A less stringent approach to reviewing the literature is necessary. Rapid reviews are a type of knowledge synthesis in which components of the systematic review process are simplified or omitted to produce information in a short period with a focus on quick decision making in policy contexts (Khangura et al., 2012). The elastic nature of rapid reviews is in response to resources, timeframes and decision-making processes, rather than the quantity and quality of the available evidence (Haby et al., 2016). For this reason, when compared to traditional systematic reviews, there is far more scope for heterogeneity in why and how rapid reviews are employed.

The rapid review sought to answer the following question:

What multidisciplinary literature has been published analysing efforts to use urban planning and design policies and practices to mitigate the health and equity problems caused by pandemics of respiratory disease in cities?
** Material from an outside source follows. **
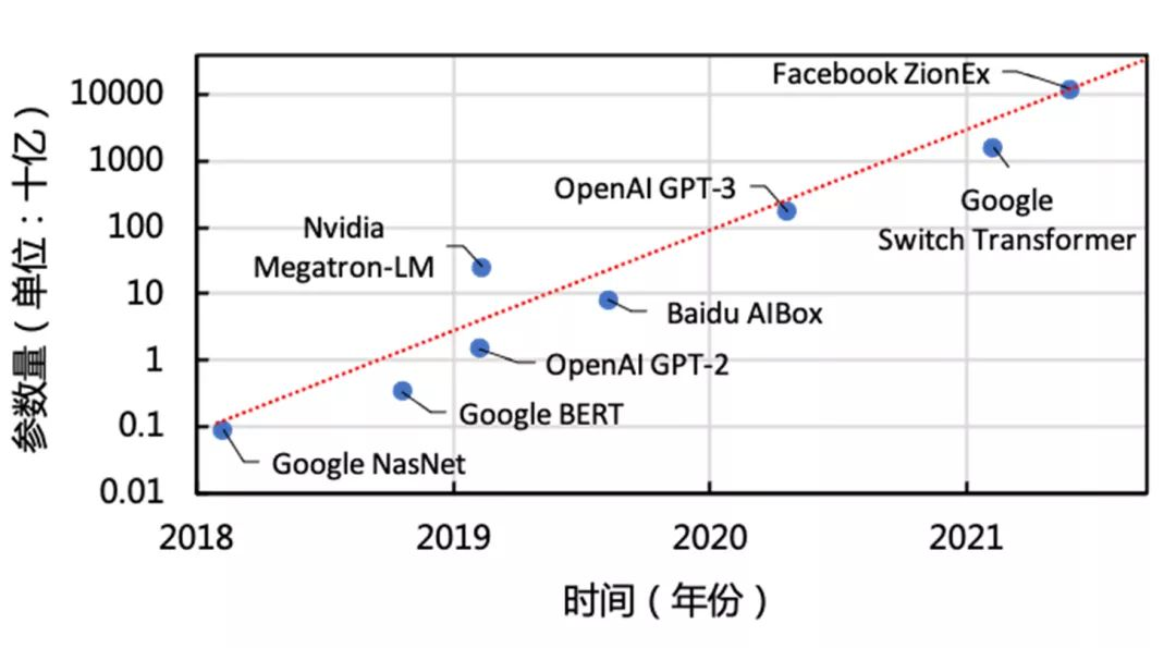 稀疏大模型,是目前重要的深度学习模型类型之一,广泛应用在搜索广告推荐、图表示学习等场景。近年来,随着数据规模的逐步增长,工业界稀疏大模型的规模日益庞大,参数量可以达到万亿规模。如图1所示,Facebook今年提出的ZionEX[详见注解1]系统所支持的推荐模型(DLRM)大小已经超过10万亿规模,远远超过了Google之前发布的1.6万亿参数的Switch Transformer[详见注解2]模型。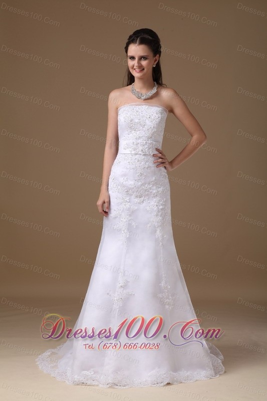 Princess Lace Wedding Dress A-line Strapless Bowknot

The rapid review addressed this research question through an examination of multi-disciplinary literature on how planning and designing cities intersects with pandemics of infectious respiratory diseases spread by droplets, specifically SARS-CoV-2 (severe acute respiratory syndrome coronavirus 2), SARS-CoV, MERS -CoV (Middle East respiratory syndrome coronavirus) and influenza viruses.

2. Material and methods

2.1. Search terms and inclusion and exclusion criteria

Search terms were developed in several steps. First, each author reflected between 15 min and 1 h for their particular interests in the connections between pandemics (specifically COVID-19) and urban planning and design. These discussions revealed a broad brush of issues, including urban planning, built environment, building design, housing, governance and equity. Second, a pilot search for similar specific terms in the database ‘Proquest’ showed that these terms tended to limit the available literature to small numbers and reduce our scope. It was subsequently agreed to apply broad categories to cover our main inclusion criterion to focus on respiratory pandemics and excluding other types of pandemics: ‘pandemic OR coronavirus’ AND ‘urban OR city’ AND ‘planning OR design’ NOT ‘AIDS or cholera OR plague OR HIV OR obesity’.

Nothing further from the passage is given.